Sirens wailed through the chill night air as a group of Mexicans stumbled down a country road, crouching in the grass among rats and snakes to escape the flashlights of border patrol agents. "Quick, run, don't stop," people traffickers whispered, pushing their charges down a rocky bank to huddle together in the dark.
But there was no border to cross in the cactus-dotted hillsides of central Mexico, and the travellers had paid a fraction of the going rate to cross the US border on a journey that lasted just hours, instead of days.
The caminata nocturna, or night walk, is a pretend border crossing advertised as an extreme sport, alongside dinghy rides and camping, at a park run by a community with a history of carrying out real border treks into the United States in the hope of making some money. Ninety percent of the 1,100 inhabitants of El Alberto community in Hidalgo State live and work in the United States, at least for part of the year. Many have crossed the border illegally.
But as the US financial crisis sinks in and jobless Mexicans start to return home, the community, about 1,000 miles (1,600 kilometres) from the US border, is turning its unusual expertise into a lucrative tourist attraction. "The idea of the night walk was born here because we have lived it, suffered it and we're doing it because we know about it," said Luis Garcia Bravo, the 42-year-old group leader who first crossed into the US in 1987.
The walks, organised most weekends, take place at a holiday resort amid fields of corn and beans, and are run by a close-knit community that otherwise lives off subsistence farming. The project began 15 years ago with the construction of two public toilets and grew with funds and ideas sent back from the United States to include a swimming pool complex and tourist lodges.
Community members can vote to order others to come home from construction and housekeeping jobs in the United States on yearly rotations, to bring funds and hands to help the project grow. "We're elected for a year.

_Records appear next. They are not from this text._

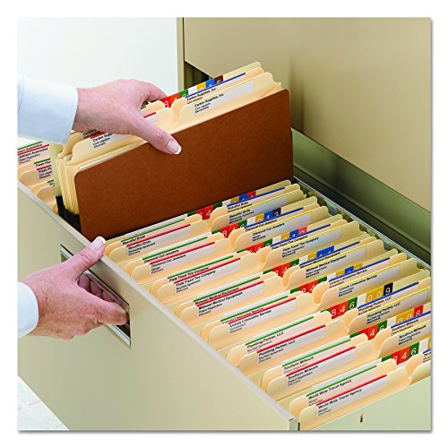 Smead File Pockets help keep large amounts of paperwork neatly organized and secure. Great for desk, drawer, shelf and on-the-go storage. Also ideal for use with storage boxes. Accordion style sides expand 5-1/4″ and hold up to 700 sheets. File pockets take up minimal space, expanding only when extra storage capacity is needed. Top of the gusset is reinforced with tear resistant material for extra strength and durability. Straight-cut tab provides a large visible labeling area. Includes 50 legal size (14-3/4″ W x 9-1/2″ H) file pockets with 5-1/4″ expansion. Contains 30% recycled content, 30% post-consumer material and is SFI Sourcing Certified.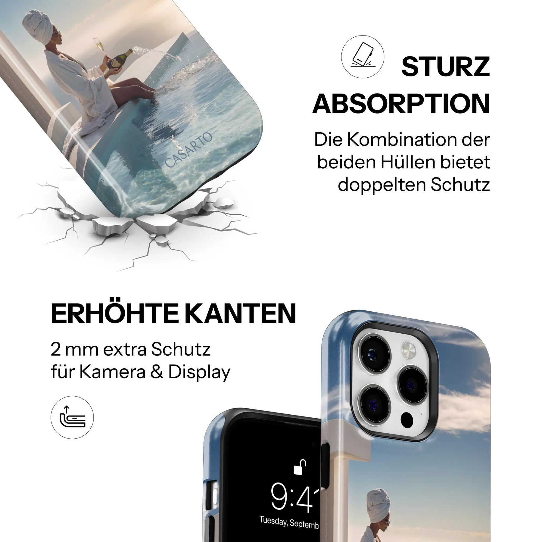 Nuestras Casarto Cases convencen no solo por sus diseños llamativos, sino también por su durabilidad y funcionalidad. La combinación de silicona amortiguadora de impactos y una carcasa dura y resistente protege tu smartphone de forma fiable – día tras día. La impresión de alta calidad permanece brillante, incluso con un uso intensivo.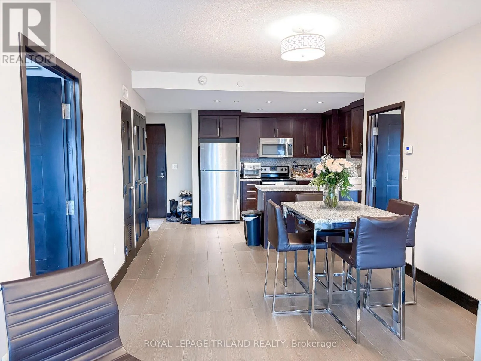Cross Streets: Raymond Avenue. ** Directions: North of University gates on West side. Welcome to Luxe London, one of North London's premier condominium buildings, ideally located within walking distance of Western University. Residents enjoy exceptional amenities including a state-of-the-art fitness and yoga studio, 40-seat theatre, rooftop terrace, business lounge, games lounge, tanning spa, sauna, whirlpool hot tub, café lounge with fireplace and television, as well as the peace of mind of a 24-hour concierge, overnight security, and full surveillance. This impressive 19-storey, 311-unit building, established as a condominium in 2018, is perfectly situated in prime North London. This two-bedroom, two-ensuite suite offers approximately 965 square feet of thoughtfully designed living space with beautiful views overlooking Ross Park and the Thames River. The open-concept kitchen features granite countertops and backsplash, high-end stainless steel appliances, and flows seamlessly into the living area highlighted by floor-to-ceiling windows that bring in plenty of natural light. The unit is being sold fully furnished and includes in-suite climate-controlled heating and underground parking. Heat, water, and central air conditioning are all included in the condo fees, along with the existing furniture, making this an ideal turnkey opportunity for investors or parents seeking accommodation for a Western student. (id:27476)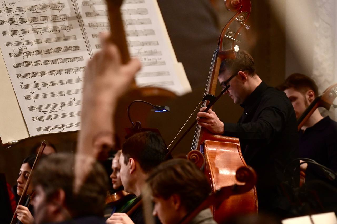 Участники спектакля – народный артист России Евгений Миронов и Московский государственный симфонический оркестр под управлением Ивана Рудина.

We don't keep a single peso. We spend it all here," Bravo said, referring to how they have to stay home for a year to work on the project.
If someone refuses to take part they have to leave the village, and can only return if they pay a fine. The border crossing was just another bid to make money when it began four years ago, but it has rapidly become a major attraction, and hundreds now take part each year. They include tourists from across the country and abroad, as well as groups of school children. Tourists now pay between 100 pesos (10 dollars) to 250 pesos for the experience.

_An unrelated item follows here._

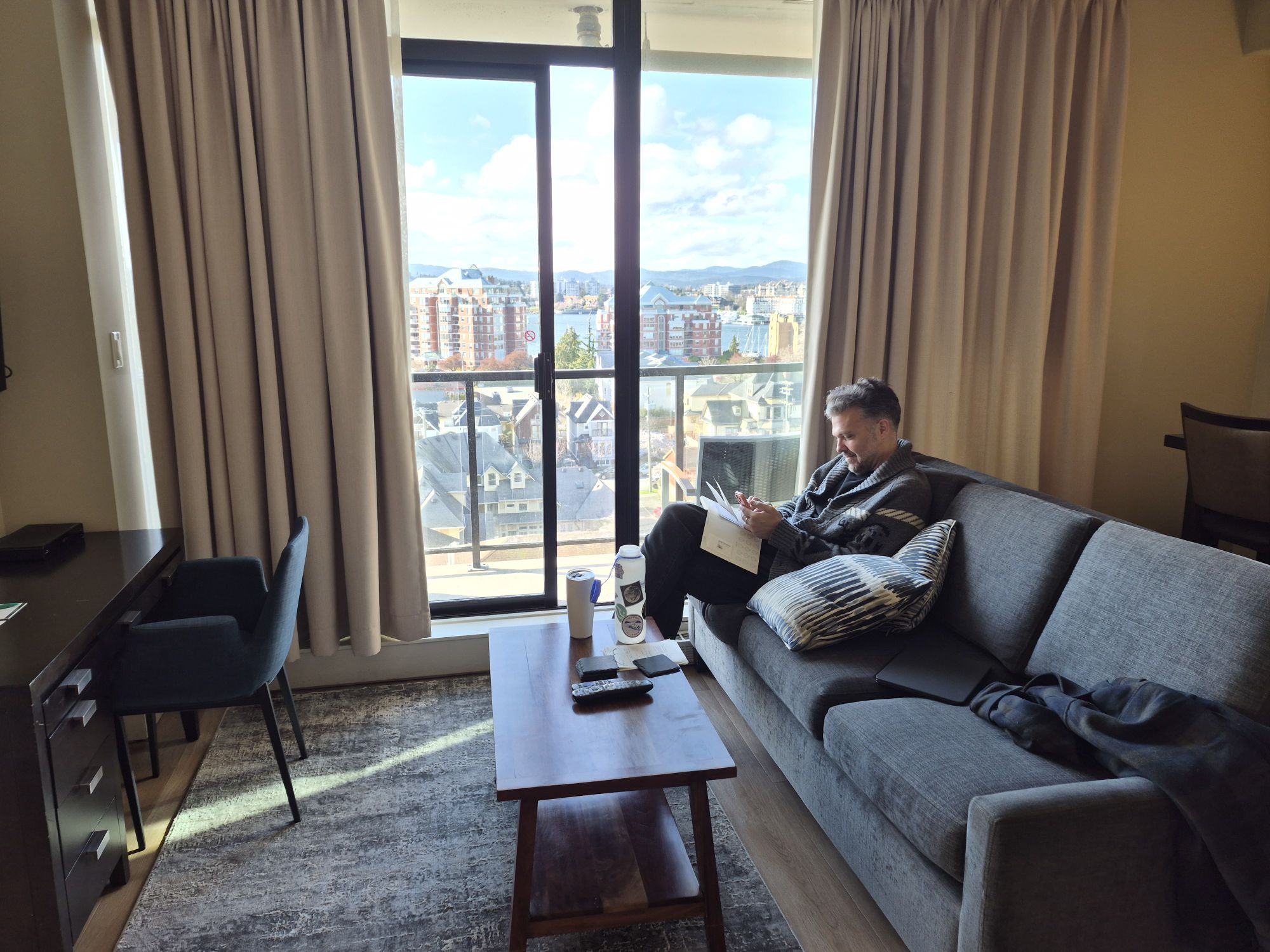 Our day started after a good night at the Oswego Hotel. It is one of many hotels that are within walking distance of the harbor. Our two bedroom suite on the corner of the ninth floor had views in two directions. Mountains with snow were visible out my bedroom window and the harbor out the sliding door in the living room. The Oswego is an excellent hotel and I highly recommend it.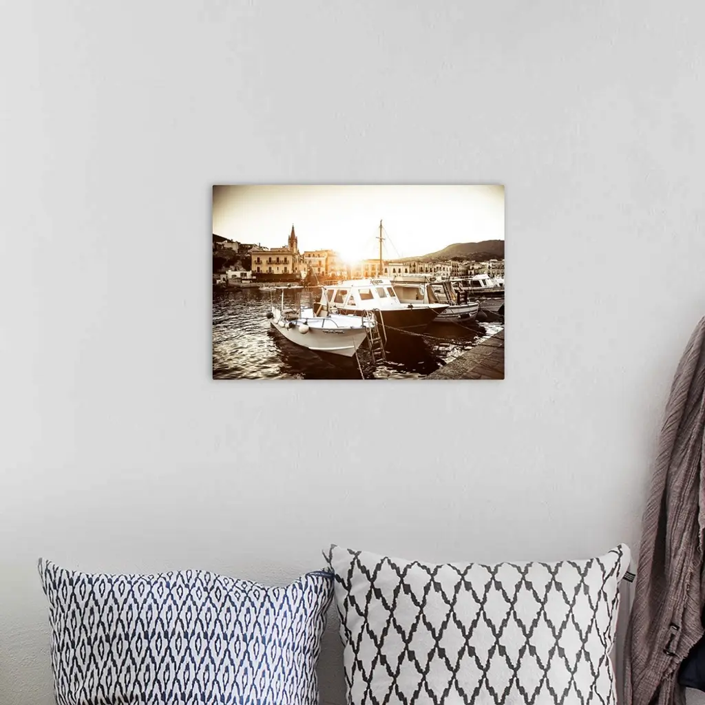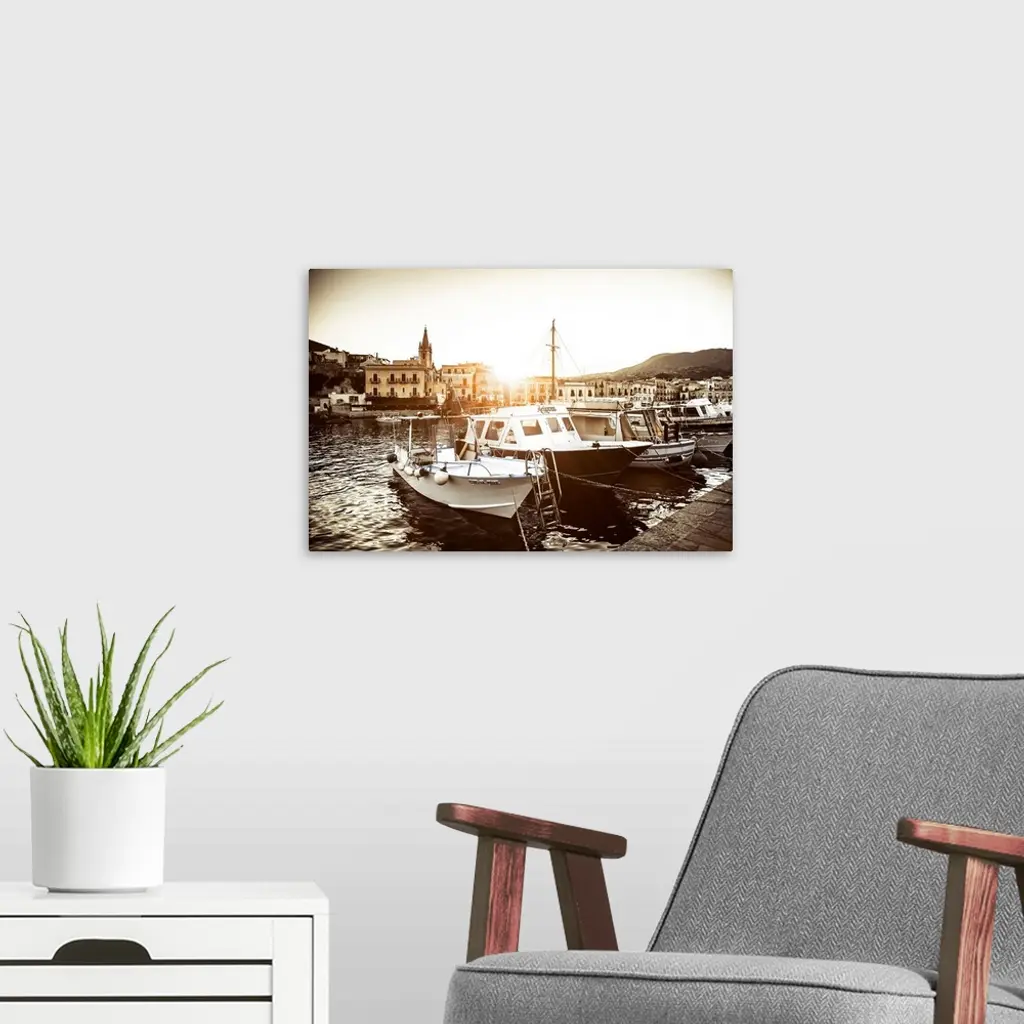 Italy, Sicily, Lipari, Marina Corta At Sunset

"In the beginning, local authorities said we were promoting immigration and wanted us to stop," said a tour leader wearing a balaclava and calling himself Pancho. But organisers say they aim to raise awareness about the struggle of hundreds of thousands of desperate Mexicans who cross the border each year.
After lounging around a swimming pool on a sunny afternoon, some 60 high school students were given a walk on the wild side as they wandered into the night on their border adventure. Patrol sirens and flashlights pursued the group during a four-hour journey, at one point forcing them to hide in a pitch black tunnel as shots rang out on the road.
"Where are you from? Don't move," a group of border agents shouted in English to a handful of kids caught in dazzling torchlight. After running and crouching in rough terrain for several hours, one girl sprained her ankle and several others screamed in terror at hearing animal noises from the woods. By the time the journey was over, the false immigrants had had enough.
Their teachers hoped the experience has catapulted them out of their comfort zones for a few hours. "Definitely I think it will have an impact on them," said English teacher Christa Kromer as her pupils interrogated their guides about real-life crossings, in a rare exchange across Mexico's social divide.
"I wasn't scared, but it's strange to put yourself in someone else's shoes, to feel how those who seek to cross the border feel," said 19-year-old Mexican Sergio Salinas. "I knew that a lot of people suffered but I never realised how much."
"I now realise that it's not just stories, but there are real families who suffer this," said 18-year-old Maria Isabel Golec. "The worst was the uncertainty of not being able to see where I was going." El Alberto residents hope visitors will keep coming to the park, as they watch the economic crisis unfold in the United States, with many planning to stay in Mexico to wait out the financial turmoil.
"We had good work there before with good salaries but since the crisis it has been much harder," Bravo said. "We hope that people who come here are frightened so they don't want to go there. Now that there's the crisis it's not worth it, they shouldn't go."